There will be substantial increases in government borrowing in each of the next five years, according to the Office for Budget Responsibility (OBR).
Chancellor Philip Hammond confirmed that he would abandon the government target to spend less than it earned in 2019-20.
The OBR predicts it will now borrow £21.9bn that year, compared with the £10bn surplus previously forecast.
There have also been cuts to the amount of growth expected in 2017 and 2018.
The OBR expects the economy to grow by 1.4% in 2017, down from the 2.2% it predicted in March.
The growth forecast for this year has been raised slightly to 2.1% from 2.0%.
It expects growth to be 2.4% slower in the next five years as a result of the Brexit vote.
Growth in 2018 is expected to be 1.7%, down from the 2.1% forecast in March, and is predicted to return to the 2.1% rate previously forecast in 2019.
But Chancellor Philip Hammond stressed in his Autumn Statement speech that the forecast for 2017 was still equal to the International Monetary Fund's prediction for the German economy and ahead of its forecast for "many of our European neighbours including France and Italy - a fact that will no doubt be a source of very considerable irritation to some".
Instead of trying to balance the budget in 2019-20, the government will instead aim to do so as soon as possible in the next Parliament as part of its new targets.
The OBR warned that there was greater uncertainty than usual surrounding these forecasts, especially for the last two years of the period, because it does not know the terms on which the UK will leave the European Union.
"Our economy forecast is not based on a precise prediction of the outcome of the Brexit negotiations, but rather on broad-brush judgements consistent with a range of possible outcomes," the OBR document said.
"We have been given no information about the government's goals and expectations for the negotiations that is not already in the public domain. And we would not in any event wish to base our forecast on assumptions we could not be transparent about."
The lower growth next year is blamed on lower investment and weaker consumer demand "driven respectively by greater uncertainty and by higher inflation resulting from sterling depreciation".
Slowing economic growth is expected to spur unemployment - rising from the current rate of 4.8% to reach 5.5% by the end of 2018.
"This relatively modest increase in the rate equates to around 200,000 more people unemployed," the OBR said.
Much of the slowing predicted by the OBR is due to rising inflation as a result of the weakness of the pound.
CPI inflation next year is expected to be 2.3%, up from the previous forecast of 1.6%, while the prediction for 2018 is up from 2% to 2.5%.
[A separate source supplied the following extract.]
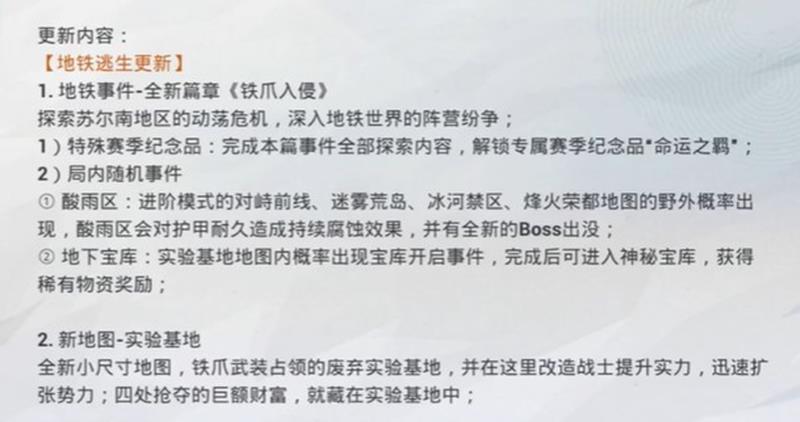 地铁逃生模式的本次更新为特种兵们带来了全新的地图、玩法和系统优化,无论是新地图的探索,还是新玩法的挑战,都将为玩家带来全新的游戏体验。特种兵们可以前往体验服抢先体验这些新内容,感受地铁逃生模式的魅力!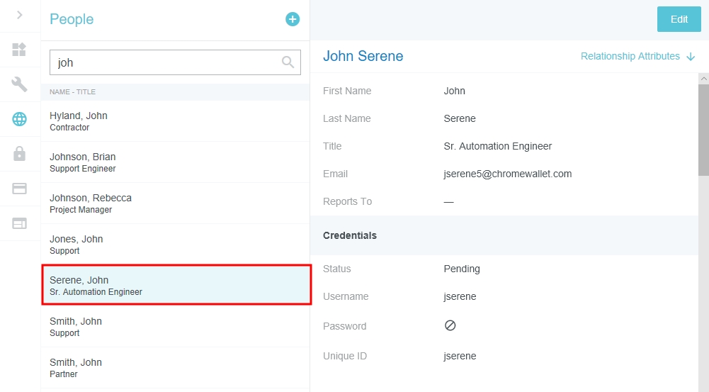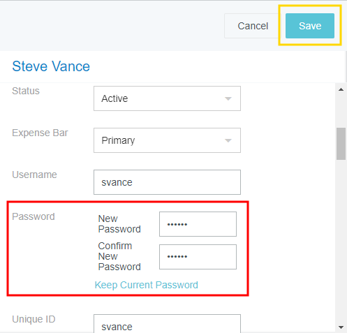 Écran d’administration du personnel L’écran d’administration du personnel permet aux utilisateurs disposant de privilèges d’administration d’ajouter des utilisateurs et de mettre à jour les options et les permissions des utilisateurs. Sélectionnez Paramètres administrateur > Données de référence > Personnes. Afficher le dossier d’une personne Pour afficher les informations d’un utilisateur, tapez son nom, son titre ou son nom d’utilisateur en partie ou en entier dans le champ de recherche. Cliquez sur l’utilisateur souhaité pour afficher ses informations. Vous pouvez également parcourir la liste. Chaque fois que vous atteignez le bas de la liste, plus de résultats sont chargés. Cliquez sur ATTRIBUTS DE RELATION pour accéder aux privilèges et rôles de l’utilisateur dans le système Emburse Enterprise. Ajouter un nouvel utilisateur Cliquez sur le bouton bleu + et remplissez les informations de l’utilisateur. Vous devrez entrer un mot de passe lors de la création d’un nouvel utilisateur. Lorsqu’un nouvel utilisateur accède à son compte avec ce mot de passe, il peut ensuite créer son propre mot de passe à partir du menu Settings. Tous les nouveaux utilisateurs doivent être créés avec un statut « En attente ». Cela déclenche l’invite de réinitialisation du mot de passe lorsqu’ils se connectent pour la première fois. Ils seront « Actif » une fois qu’ils seront connectés. Afin de définir manuellement le statut de l’utilisateur, vous devez d’abord le créer en tant que « En attente », puis cliquer sur ENREGISTRER et enfin sur MODIFIER pour rouvrir le profil de l’utilisateur. Modifier les options d’un utilisateur Pour modifier l’enregistrement personnel d’un utilisateur, cliquez sur MODIFIER dans le coin supérieur droit. À noter que les utilisateurs ne peuvent pas modifier leur propre dossier. Les options de configuration qui s’affichent sont déterminées par votre entreprise. Vous trouverez ci-dessous une liste des options les plus courantes. Prénom Nom de famille Title :Titre de l’utilisateur dans l’entreprise. E-mail :Adresse de courrier électronique de l’utilisateur. À noter qu’elle ne peut être remplacée par une adresse courriel déjà enregistrée comme adresse supplémentaire de l’utilisateur. Relève de : Superviseur de l’utilisateur. Statut : Statut du compte de l’utilisateur. En attente : Le dossier de l’utilisateur a été créé, mais ce dernier ne s’est pas encore connecté à l’application. Le statut passe à « Actif » après la première connexion. Suppressions : Supprimé : indique qu’un utilisateur ne fait plus partie de votre organisation. Leurs données seront toujours disponibles pour les rapports et les délégués spéciaux ayant les autorisations requises pourront utiliser la fonction « Get Departed » pour accéder à leur tableau de bord en tant que délégué. Vous pouvez également réactiver l’utilisateur. Désactivé : cette option purge complètement un utilisateur du système ; par exemple, vous avez créé un utilisateur test ou envoyé un flux incorrectement et vous voulez que le système agisse comme si l’utilisateur n’existait pas. Il n’est pas recommandé de l’utiliser avec des utilisateurs qui quittent l’entreprise. Actif : L’utilisateur peut accéder à Emburse Enterprise. Interrompu : ce statut ne doit pas être utilisé. Nom d’utilisateur : L’ID utilisé pour se connecter à Emburse Enterprise. Mot de passe : Mot de passe de l’utilisateur pour l’application Emburse Enterprise. ID Unique : l’ID entreprise unique de l’utilisateur, qui peut être le même que le nom d’utilisateur. Identifiant de l’utilisateur pour l’interaction et Nom de l’interaction : les identifiants d’interaction de l’utilisateur permettant l’intégration avec le CRM (utilisés conjointement avec les types de dépenses qui ont un sélecteur d’invités). Autorisations : Cette option permet de contrôler le niveau d’accès de l’utilisateur aux diverses fonctionnalités d’Emburse Enterprise. Administrateur : L’utilisateur peut accéder à la zone Paramètres d’administration d’Emburse Enterprise. Recherche limitée sur le réseau : cochez cette case pour éviter que la liste des allocations de l’entreprise ne soit téléchargée et stockée sur l’ordinateur de l’utilisateur. Avant de se connecter directement au serveur Emburse Enterprise, l’utilisateur sera invité à saisir le numéro d’allocation (plutôt qu’à le sélectionner dans une liste) dans l’application pour rechercher le dossier approprié. Copier les attributs dépenses : cochez cette case si vous voulez que chaque nouvelle ligne d’élément ajoutée dans un rapport de dépenses affiche automatiquement l’objectif d’affaires et les autres données d’en-tête de la ligne d’élément précédemment ajoutée. Super délégué : cochez cette case pour donner à l’utilisateur la possibilité de déléguer une tâche à n’importe quel utilisateur de l’entreprise. Verrouillé (aucune mise à jour du flux) : cochez cette case pour éviter qu’un dossier ne soit touché par des modifications ou des suppressions dans le flux de personnes. Vous pourrez continuer de gérer les dossiers de personnes verrouillées, même s’ils ne sont pas inclus dans le flux, au moyen de l’écran d’administration du personnel. Langue : sélectionnez la langue de préférence de l’utilisateur afin que le contenu de l’application s’affiche automatiquement dans cette langue. Format de la date : Choisissez entre le format de date MM/JJ/AAAA (p. ex. 01/02/2020 pour le 2 janvier 2020) et JJ/MM/AAAA (p. ex. 02/01/2020 pour le 2 janvier 2020). Format de la devise : choisissez entre le format de devise ###,###.00 (p. ex. 123,456.78 $) et ###.###,00 (p. ex., 123.456,78 $). Format du courriel : déterminez votre préférence concernant les rapports et les notificat

The OBR said that its forecasts were "somewhat less pessimistic" than the Bank of England's predictions from earlier this month and also the Treasury's analysis from before the EU referendum.
The Treasury had predicted that the economy would contract in the first quarter after a vote to leave the EU, although that was based on the assumption that Article 50 would be triggered immediately, starting the process of leaving.
The OBR unexpectedly included a chapter in its analysis comparing its forecasts with what would have happened to the economy if the vote had gone the other way.
It concludes that the vote to leave the EU will cut growth by reducing migration, slowing the growth of productivity and increasing inflation.